"I have six of them to struggle for," she said,—adding, after a moment's pause, "and it is hard to be obliged to do it all."

I saw that she was dressed in newly made mourning. I knew what mourning was,—but not then what it was to be a widow. My mother afterwards told me she was such, and was therefore in black. Other conversation passed between the two, during which I looked up into the widow's face with the unreflecting intensity of childish interest. Her voice was so remarkable, so kind, so gentle, so full of conciliation, that it won my heart. There was a sadness in her face which struck me most forcibly and painfully. There was an expression of care, of overwork, and great privation. Yet, for all this, the lines of her countenance were beautiful even in their painfulness.

While I thus stood gazing up into the widow's face, the shopkeeper came forward from a distant window, by whose light he had been examining the vests, threw them roughly down upon the counter in front of her, and exclaimed in a sharp voice,—

"Can't pay for such work as this,—don't want it in the shop,—never had the like of it,—look at that!"

He tossed a vest toward my mother, who took it up, and examined it. One end of it hung down low enough for me to catch, and I also undertook the business of inspection. I scanned it closely, and was a sufficient judge of sewing to see that it was made up with a stitch as neat and regular as that of my mother. She must have thought so, too; for, on returning it to the man, she said to him,—

"The work is equal to anything of mine."

Hearing a new voice, he then discovered, that, instead of tossing the vest to the poor widow, he had inadvertently thrown it to my mother. Then, addressing the former, he said, in the same sharp tone,—

"Can't pay but half price for this kind of work; don't want any more like it. There's your money; do you want more work?"

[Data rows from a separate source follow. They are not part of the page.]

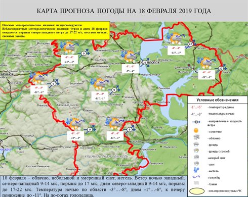 По данным специалистов Ульяновского центра по гидрометеорологии и мониторингу окружающей среды, 18 февраля на территории нашего региона будет облачная погода. Ожидаются небольшой, умеренный снег, метель. Днем ветер будет северо-западный, дуть он будет со скоростью 9 - 14 метров в секунду, при порывах - 17 - 22 метров в секунду. Температура воздуха днем по области -1°…-6°, к вечеру понижение до -11°. На дорогах - гололедица.
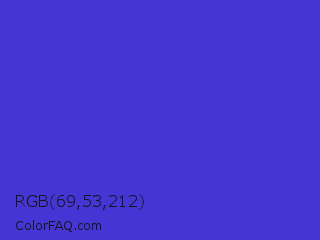 RGB 69,53,212 Color is a normal indigo color and the nearest color is Palatinate Blue #273be2. Hex code #4535d4 and RGB value is rgb(69,53,212). In RGB color space, this color is composed of 27% red, 21% green, 83% blue, In CMYK color space, this color is composed of 67% cyan, 75% magenta, 0% yellow , 17% black , In HSL color space, this color has a hue angle of 246° , 65% saturation and 52% lightness.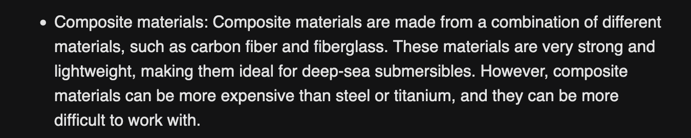 After asking Google Bard for a list of primes ending in 2, and being told that 5 was one of them, I asked it "What are good materials to make deep sea submersible pressure vessels out of?", and yeah, on-brand. I mean, it did suggest steel and titanium first, but we may have an insight into a design process now.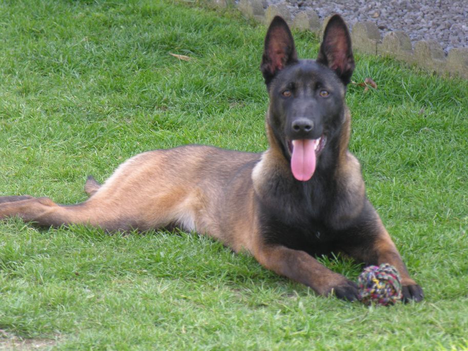 Ze is een Mechelse Herder. Samen doen we aan Gehoorzaamheids training en pakwerk .

He threw down the silver on the counter. The whole price, or even double, would have been a mere pittance, the widow's mite indeed; but here was robbery of even that. What, in such a case, was this poor creature to do? She had six young and helpless children at home,—no husband to defend her,—no friend to stand between her and the man who thus robbed her. A resort to law were futile. What had she wherewith to pay either lawyer or magistrate? and was not continued employment a necessity? All these thoughts must have flashed across her mind. But in the terrible silence which she kept for some minutes, still standing at the counter, how many others must have succeeded them! What happy images of former comfort came knocking at her heart! what an agonizing sense of present destitution! what a contrast between the brightness of the one and the gloom of the other! and then the cries of hungry children ringing importunately in her ears! I noticed her all the time, and, child that I was, did so merely because she stood still and made no reply,—utterly unconscious that emotions of any kind were racking her grief-smitten heart. I felt no such emotions myself,—how should I suppose that they had even an existence?

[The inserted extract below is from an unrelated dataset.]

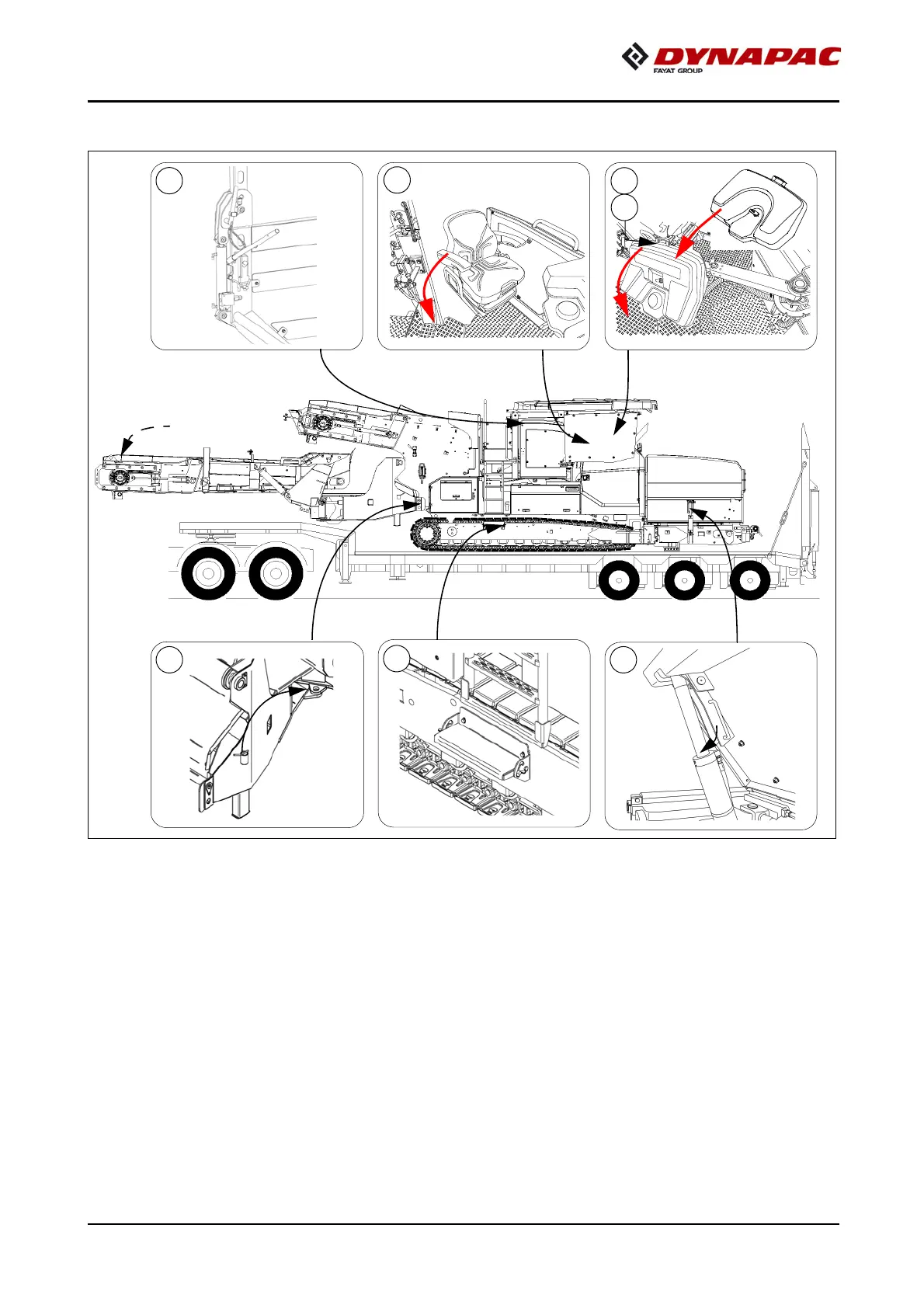 - Lower slewing belt (o) to lowest position.

She made no answer to the man who had thus wantonly outraged her, but, turning to my mother, looked up into her face as if for pity and advice. Were they not equally helpless victims on the altar of a like domestic necessity, and should not common trials knit them together in the bonds of a common sympathy? A new sadness came over her yet beautiful countenance; but no tear gushed gratefully to relieve her swelling heart. She took up the money,—I saw that her hand was trembling,—placed it in her purse, lifted from the counter a bundle containing a second dozen of vests, and, bidding my mother a graceful farewell, left the scene of this cruel imposition on one utterly powerless either to prevent it or to obtain redress. I have never forgotten the incident.